### The problem
Further down are entries; set down exactly and only the lines from the one with "18. 資質審核通過后,在左" up to and including the one with "Second half 19th", dropping each picture.

======== Source information

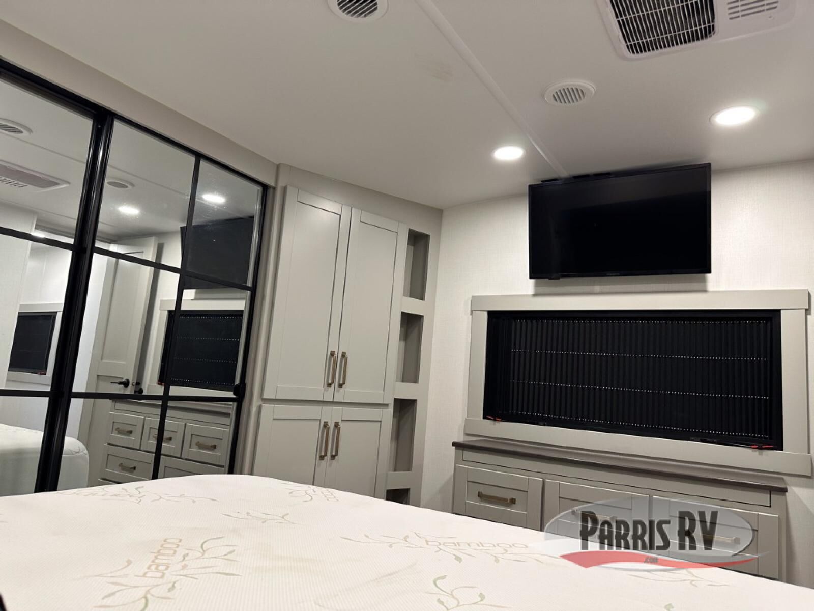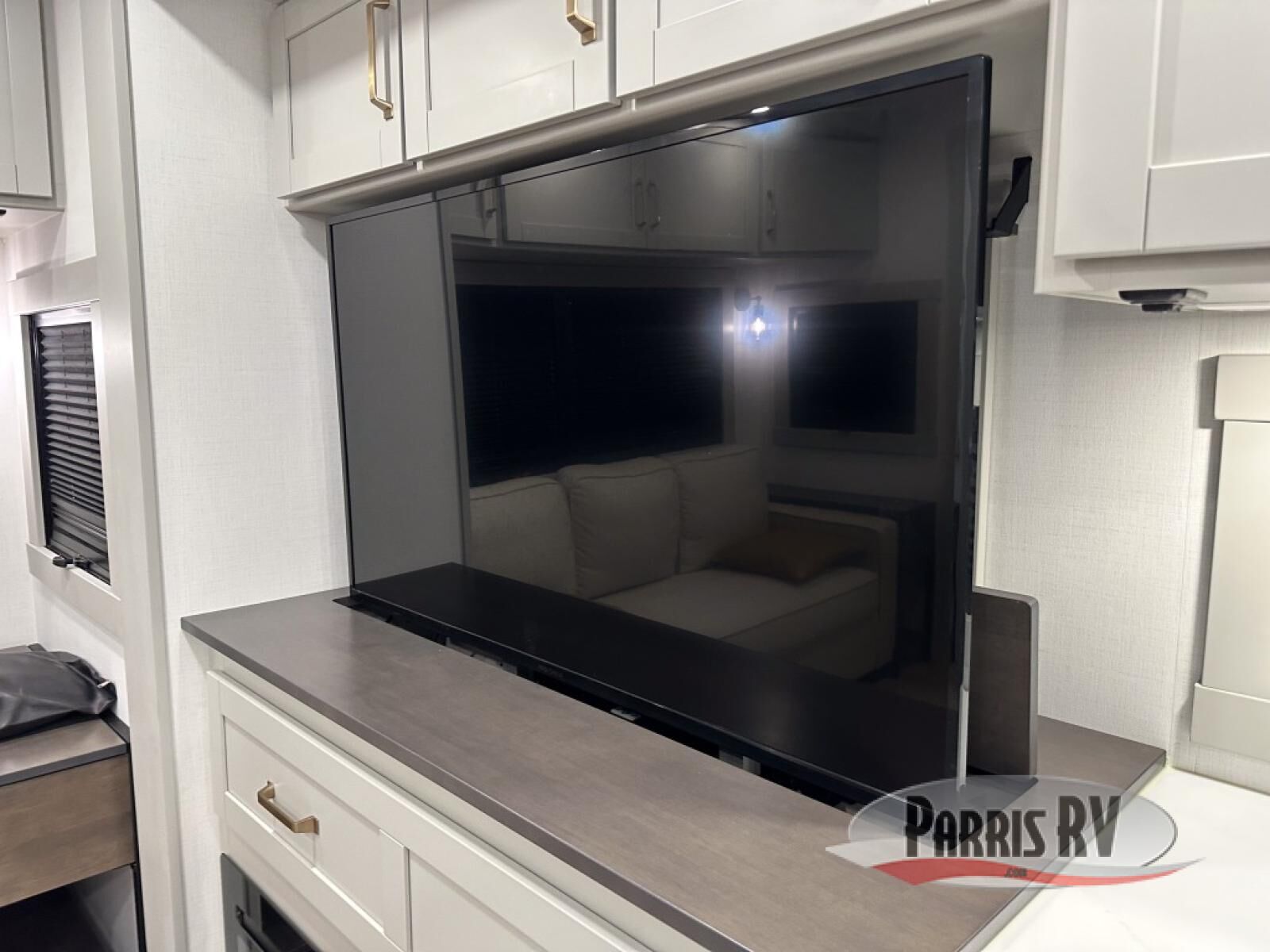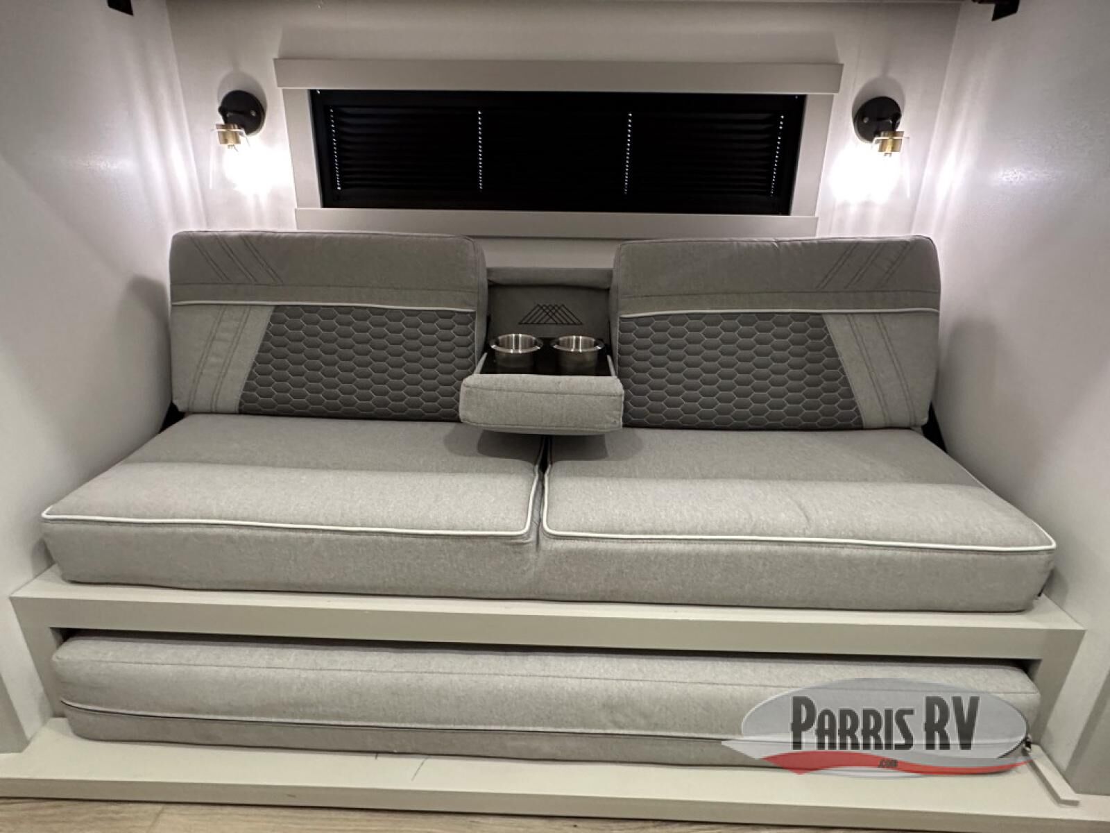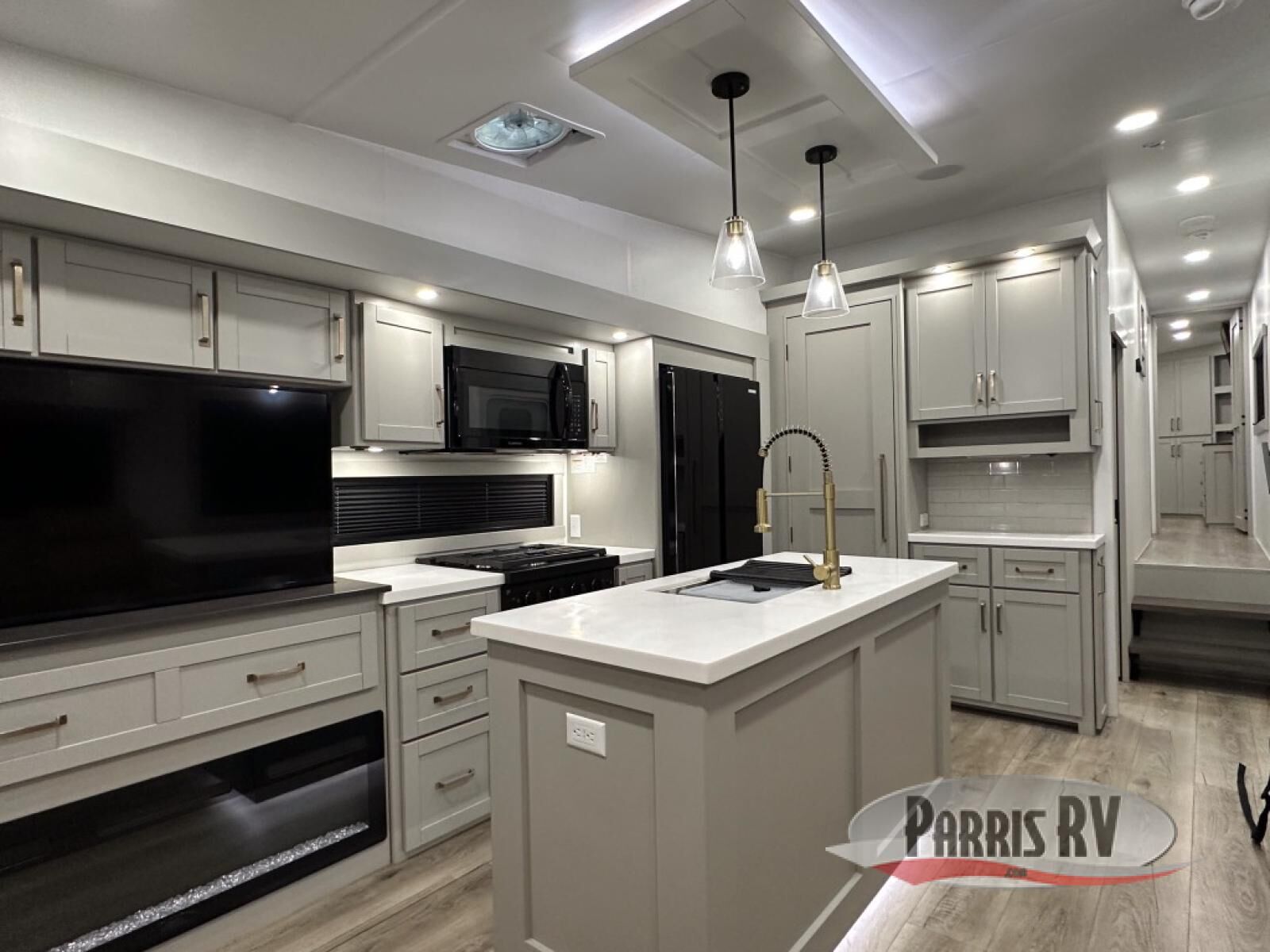 This unit is perfect for your family that needs sleeping space for eight! There is ample seating with a sliding desk/dining table, 62" theater seating, and a 72" tri-fold sofa along the rear wall. You can easily relax and enjoy the telescoping TV with a cozy fireplace below. The kitchen offers all that you need to prepare and cook meals just like home with a 16 cu. ft. refrigerator for your perishables, a 30" residential microwave oven, and three burner range top and oven. You will love the kitchen island all outfitted with pull-out pet bowls and double pull out trash bins with an integrated Stow & Go paper towel holder. There is also an 84" pantry with adjustable shelves for all of your canned and dry goods. Mid-coach, just ahead through the main entry, is a bonus room that can be used as a bedroom featuring a sofa bed with flip-up overhead bunk and trundle below, or an office with pull-out desk so that you can work easily while you travel, or it could also be used as a gaming room since there is also a 50" Smart TV. Head up the steps to a bathroom on your left and a private master suite with king bed slide all the way up front. A sliding dresser top features hidden storage which is perfect for jewelry and other personal belongings. The front wardrobe features mirrored doors and the corner closet has been prepped for a stackable washer and dryer if you choose to add that option.
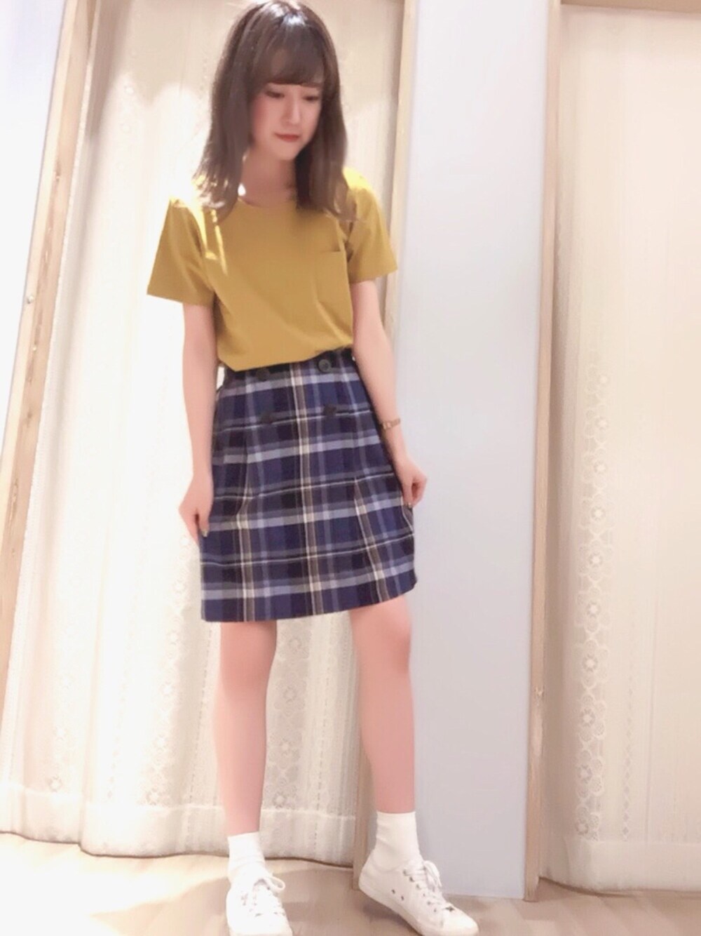 Tシャツとチェックスカートとスニーカーでカジュアルに着こなしてみました🐯スカートは今年流行の前釦型になってます🦁
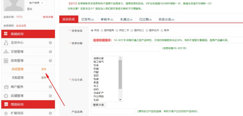 18. 資質審核通過后,在左側,信息管理,供應管理,選擇發布.添加供應產品.錄入完整的產品信息后,選擇發布即可.等審核通過后(營銷寶會員免審核),即可展示出來.提示:產品圖片尺寸為橫向長方形,這樣有利于百度收錄你的產品圖片.發布完產品,還可以選擇哪些產品推薦到首頁.推薦到首頁的產品,即可在首頁看到推薦產品.
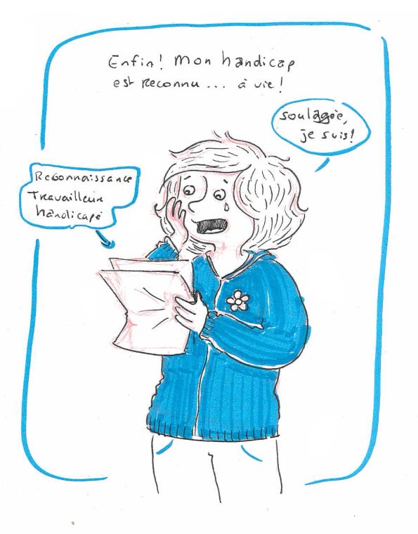 Lundi. Bonne nouvelle dans notre boite aux lettres ! J’ai enfin reçu une réponse de la MDPH (Maison des Personnes Handicapées) concernant ma demande de reconnaissance Travailleur Handicapé. Mon handicap (malformation cardiaque complexe) est reconnu… à vie ! Ben oui, malgré tous les progrès de la science, mon cœur ne va pas se réparer comme par magie. Je vis plutôt normalement, mais je suis quand même contente d’avoir cette reconnaissance. J’espère que cela m’aidera pour une éventuelle reconversion.
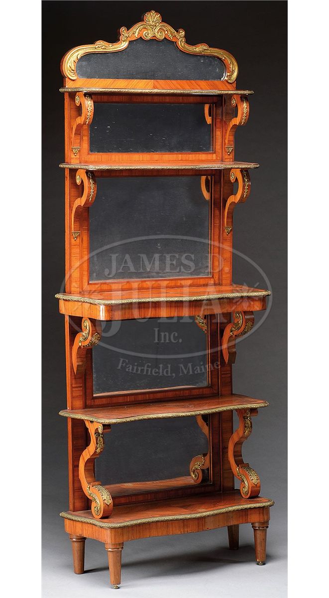 Second half 19th century, Continental. In two parts, the upper section fitted with two shaped shelves on S-scroll supports beneath the mirrored crest applied with scrolling foliate gilt metal mounts, the whole with book end matched veneers and crossbanding, the shelves separated by rectangular mirror plates, fitted to the lower section of three crossbanded shelves on scrolling supports, the edges with gilt mounts cast with leaf tips, raised on tapering cylindrical legs. the back panels fitted with two rectangular mirror plates. SIZE: 81" h x 31-1/2" w x 14" d. CONDITION: Very good overall with nicely polished surfaces. Two scrolled supports above the second shelf are missing lower scrolling. Top shelf of base with old shrinkage crack. 9-90194
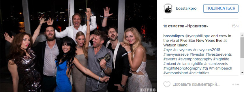Актер и его невеста провожали уходящий год в компании своих друзей, отдыхали и веселились. Когда часы пробили двенадцать, пара по традиции поцеловалась, чтобы весь год им сопутствовала удача.
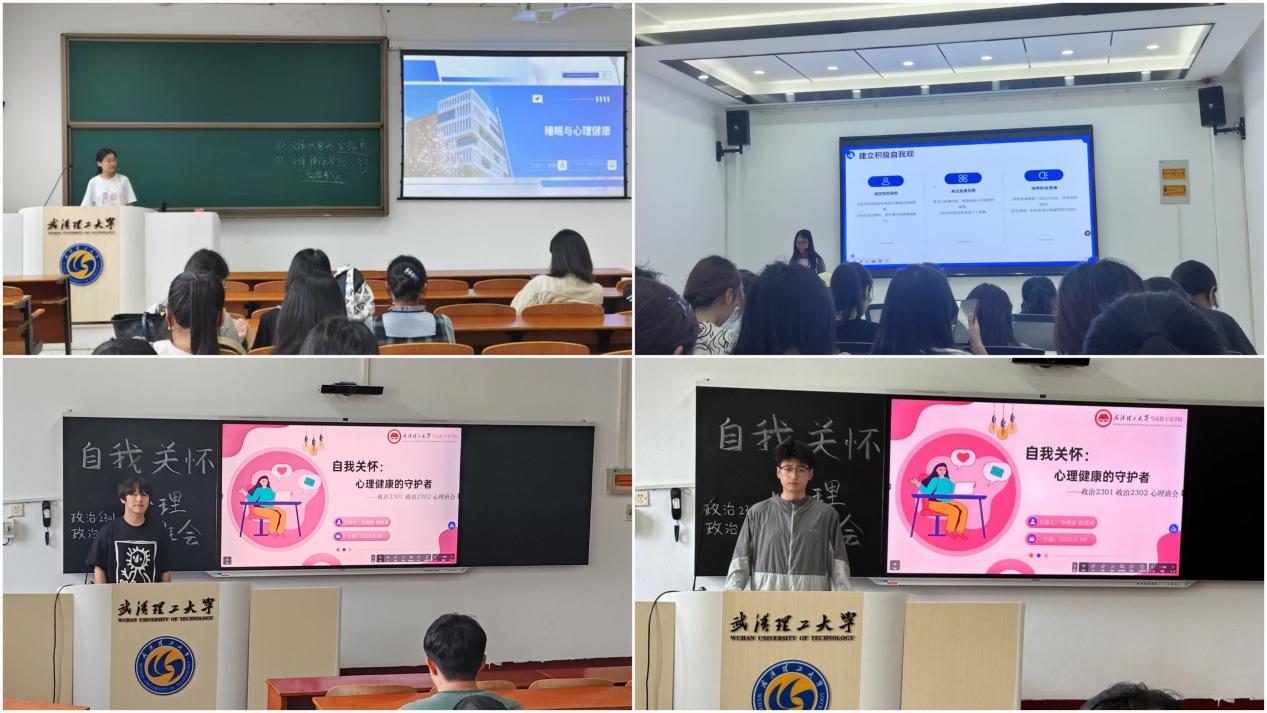 政治2302班详细介绍了自我关怀的概念。同学们积极分享自身经历,互相交流自我关怀在实际生活中的应用,可以通过写日记、冥想等方式释放压力,关注内心感受,从而保持心理健康。此次班会为同学们种下了一颗种子,希望他们在今后的学习生活中更好地关心爱护自己,学会聆听自己的心声,以更加积极的姿态迎接新的挑战。
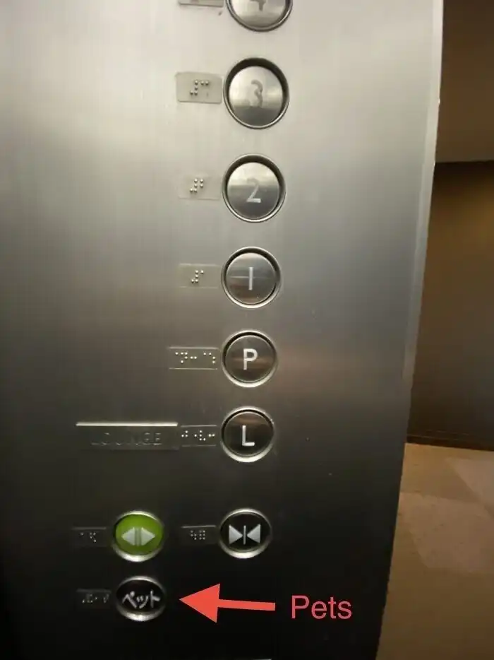 В лифте фешенебельногожилого комплекса в Японии есть отдельная кнопка для домашних животных

================

### Solved problem
 18. 資質審核通過后,在左側,信息管理,供應管理,選擇發布.添加供應產品.錄入完整的產品信息后,選擇發布即可.等審核通過后(營銷寶會員免審核),即可展示出來.提示:產品圖片尺寸為橫向長方形,這樣有利于百度收錄你的產品圖片.發布完產品,還可以選擇哪些產品推薦到首頁.推薦到首頁的產品,即可在首頁看到推薦產品.
 Lundi. Bonne nouvelle dans notre boite aux lettres ! J’ai enfin reçu une réponse de la MDPH (Maison des Personnes Handicapées) concernant ma demande de reconnaissance Travailleur Handicapé. Mon handicap (malformation cardiaque complexe) est reconnu… à vie ! Ben oui, malgré tous les progrès de la science, mon cœur ne va pas se réparer comme par magie. Je vis plutôt normalement, mais je suis quand même contente d’avoir cette reconnaissance. J’espère que cela m’aidera pour une éventuelle reconversion.
 Second half 19th century, Continental. In two parts, the upper section fitted with two shaped shelves on S-scroll supports beneath the mirrored crest applied with scrolling foliate gilt metal mounts, the whole with book end matched veneers and crossbanding, the shelves separated by rectangular mirror plates, fitted to the lower section of three crossbanded shelves on scrolling supports, the edges with gilt mounts cast with leaf tips, raised on tapering cylindrical legs. the back panels fitted with two rectangular mirror plates. SIZE: 81" h x 31-1/2" w x 14" d. CONDITION: Very good overall with nicely polished surfaces. Two scrolled supports above the second shelf are missing lower scrolling. Top shelf of base with old shrinkage crack. 9-90194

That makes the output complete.